Last, the identification of ATP as the neurotransmitter between receptor taste cells and primary sensory afferents rests heavily on the finding that mutant mice lacking P2X2 and P2X3 receptors do not respond to taste stimulation.17 However, recent studies reveal that these mutant mice also are deficient in an earlier step in afferent transmission: neurotransmitter secretion from receptor cells is defective.24 Thus, activity in purinergic afferent fibers, cell–cell communication mediated by ATP within the taste bud,21 and release of neurotransmitter(s) in addition to ATP could all be compromised in P2X2/X3 double-knockout mice. Consequently, the new findings weaken the argument that ATP alone acts postsynaptically.

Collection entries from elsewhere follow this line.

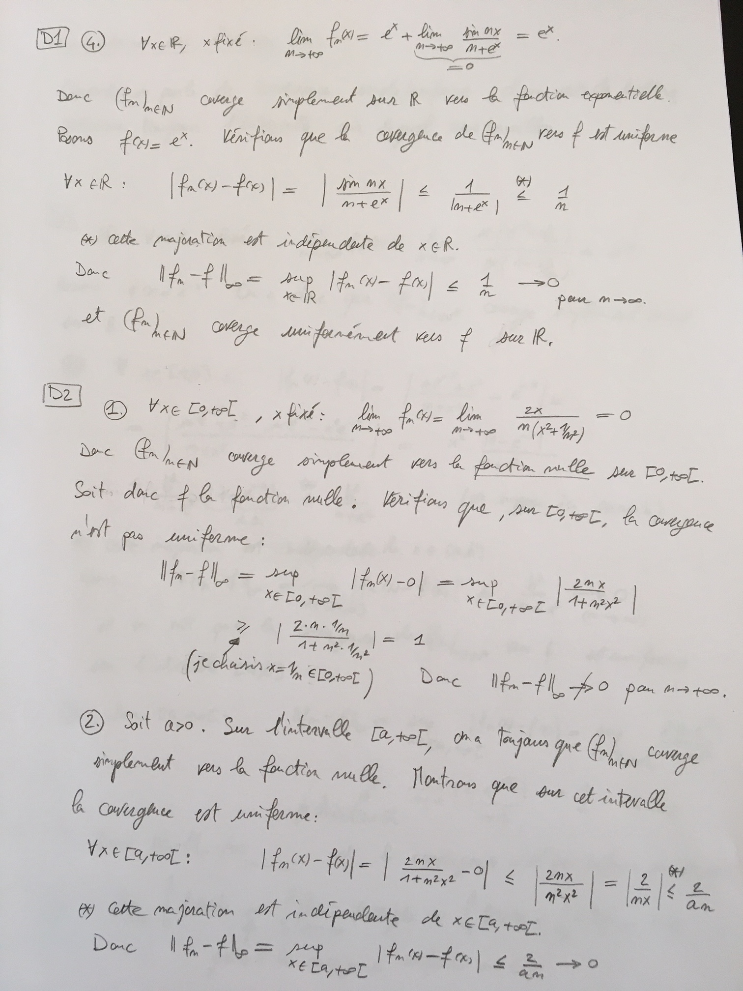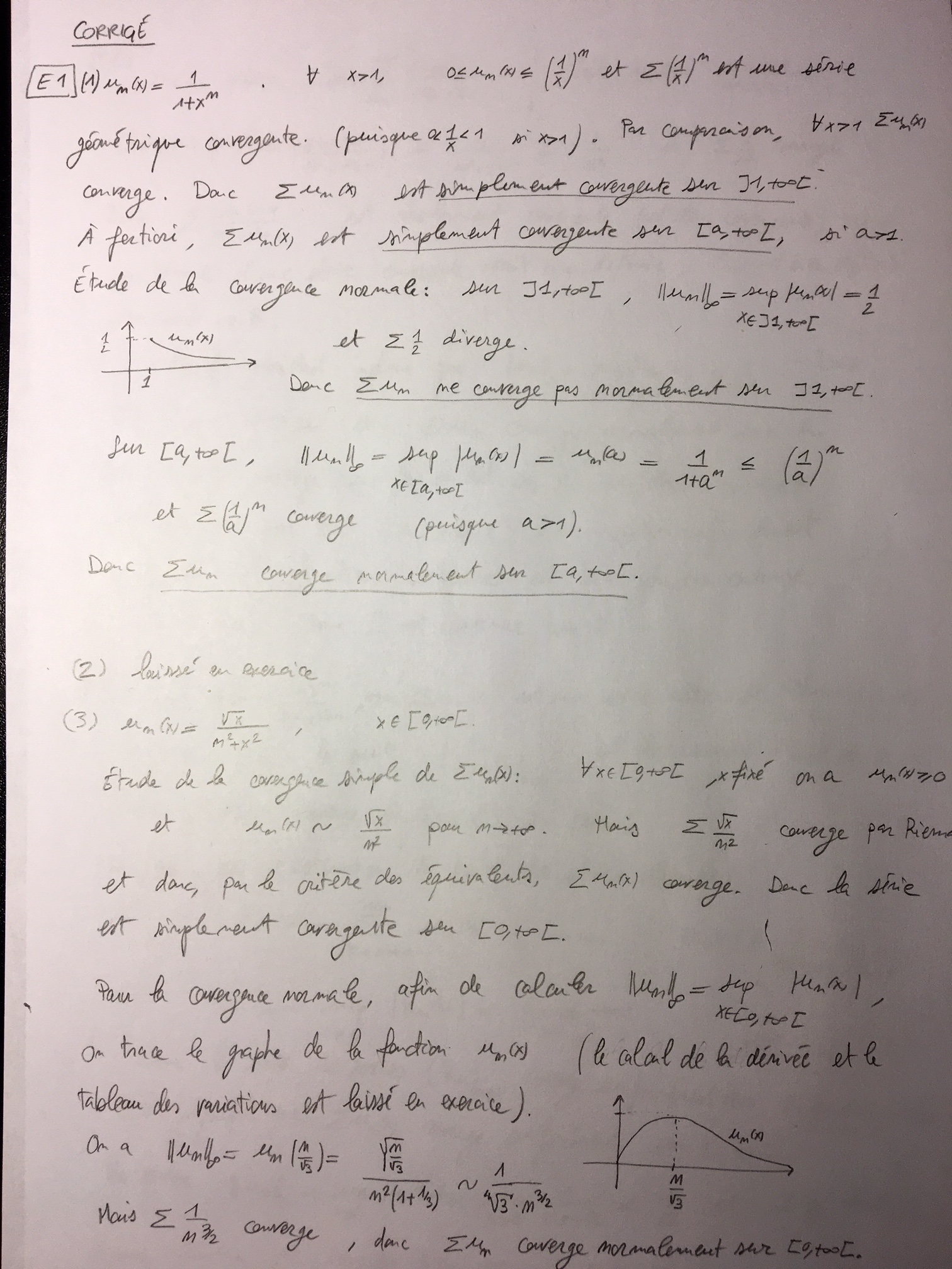 Séries de fonctions : étudier la correction de l'exercice 1 et de l'exercice 5 de
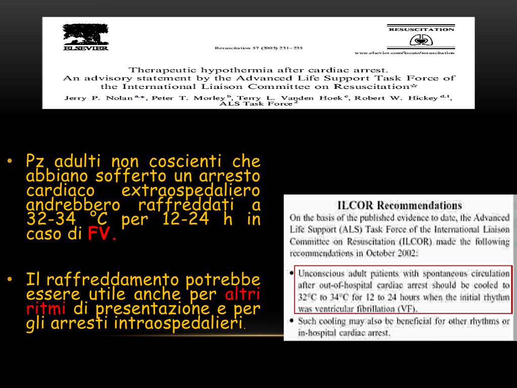 Pz adulti non coscienti che abbiano sofferto un arresto cardiaco extraospedaliero andrebbero raffreddati a 32-34 °C per 12-24 h in caso di FV. Il raffreddamento potrebbe essere utile anche per altri ritmi di presentazione e per gli arresti intraospedalieri.
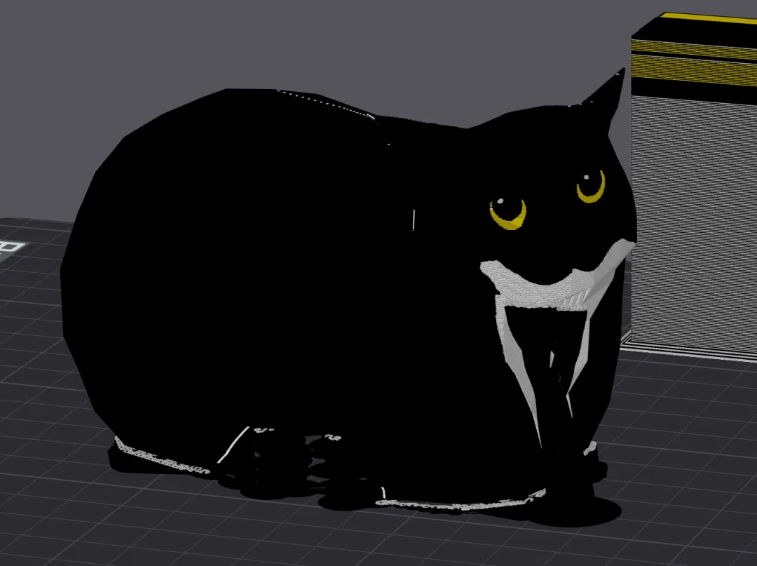 Một mô hình của Floating Maxwell the Cat, được chỉnh sửa để in nhiều màu sắc bằng cách sử dụng Bambu AMS.
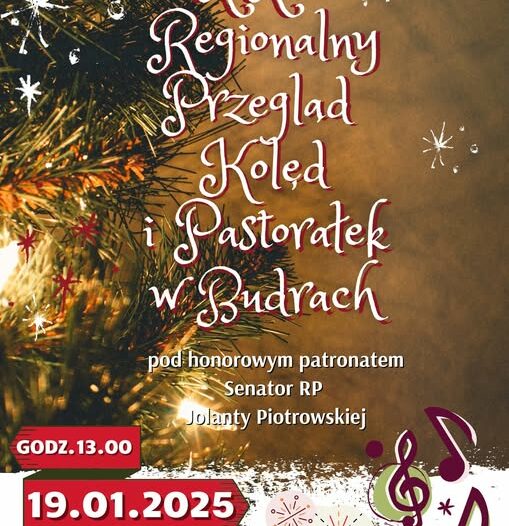 Miło nam poinformować, że tegoroczny XXIII Regionalny Przegląd Kolęd i Pastorałek w Budrach odbędzie się pod honorowym patronatem Senator RP Jolanty Piotrowskiej. Zapraszamy do zgłoszeń! Regulamin dostępny do pobrania na stronie GOK Budry
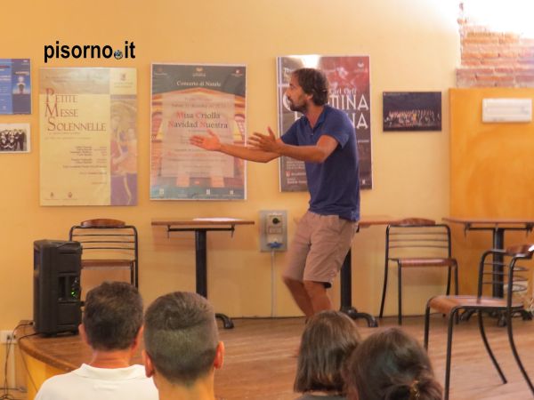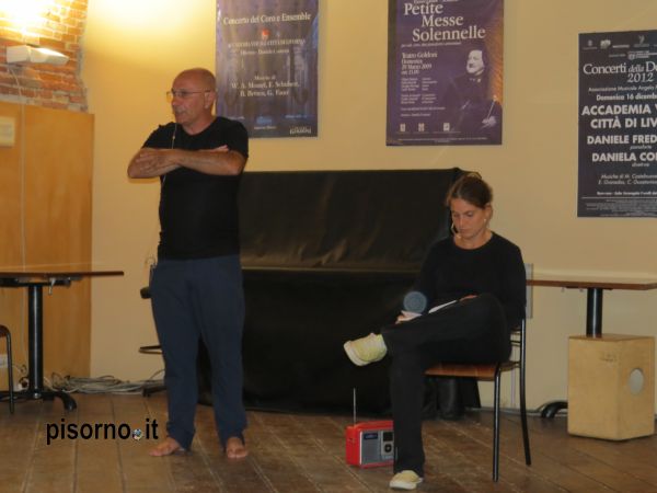 Le musiche di Marco Luini ne hanno sottolineato con intensità i vari passaggi. Poi Lamberto Giannini, accompagnato da Claudia Mazzeranghi, con perfida ironia ha ripercorso la primavera e l’estate del ’43, i tentativi di Mussolini di recuperare consensi e popolarità, i malumori dei suoi collaboratori, la convocazione del Gran Consiglio, il colpo di stato del 25 luglio: impeccabile lezione di storia, ma grande lezione di vis teatrale che ha fatto venire in mente le letture di Dante fatte da Benigni. Il monologo di Michele Crestacci ha tracciato invece un quadro vivacissimo del mondo livornese di quegli anni, l’oppressione dei fascisti e poi dei nazisti, lo spirito ribelle e dissacrante di una città dove una battuta non si nega a nessuno e una risata rischiara anche i momenti più bui.
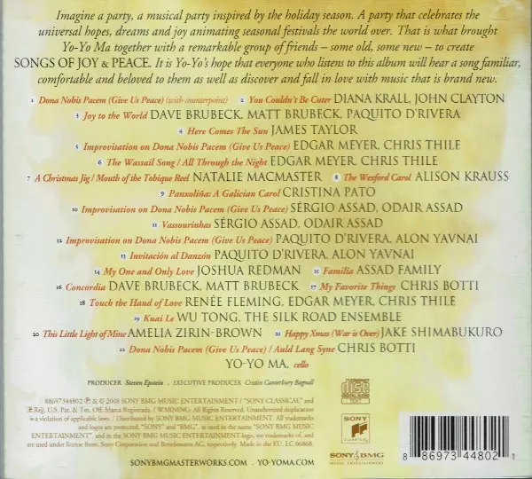 Yo-Yo Ma: Songs Of Joy & Peace versión en CD en estándar edición. Esta edición en concreto se lanzó en Europa en la editorial Sony Classical el día 17. octubre 2008. Álbum abarca todos los géneros Pop, Música clásica, Folk, World, & Country, Jazz, Contemporary Jazz y Religious.
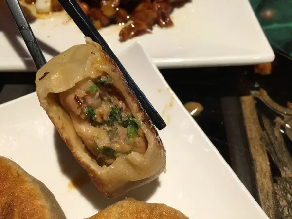 這鍋貼的外觀我還蠻喜歡的,感覺小巧金黃。吃入口裡的心得是,嘿嘿,有些鹹咧。

The Final Model, Work Still in Progress

Despite wrinkles in some of the details, a fairly consistent model for cell–cell signal processing in taste buds has emerged over the past few years. Tests in semi-intact preparations of slices of lingual tissue containing taste buds have significantly supported this model.25 The findings include that one class of taste bud cells, receptor (Type II) cells, is tuned to a single category of taste—either sweet, bitter, or umami. A given receptor cell expresses GPCR taste receptors for only one of these three classes, and for the most part, receptor cells respond to taste stimulation by only one of these taste qualities. In contrast, presynaptic (Type III) cells are stimulated by ATP secreted from receptor cells. Hence, presynaptic cells represent a point of convergent signals. Consequently, a single presynaptic cell responds broadly to sweet, bitter, and umami.25 Further, presynaptic cells themselves are excited by sour (acid) taste and salt (NaCl). Thus, the presynaptic cell appears to integrate information about several tastants. Recent findings by Vanderbeuch and colleagues9 suggest that Type I cells may be important in Na+ taste. Interactions, if any, between Type I taste cells and other taste cells remains to be investigated. The final working model, then, becomes as shown in Figure 2.

Figure 2.

Figure 2

Cell–cell communication within the taste bud. Receptor (Type II) cells secrete ATP through pannexin 1 hemichannels. ATP acts on primary gustatory afferent fibers as well as on adjacent presynaptic (Type III) taste cells. Presynaptic taste cells release 5-HT and NE, possibly at synaptic sites as well as widely from basolateral membrane sites. The latter may represent paracrine transmission, whereas synaptic release would be consistent with neurocrine transmission.

Footnotes

Conflicts of Interest: The authors declare no conflicts of interest.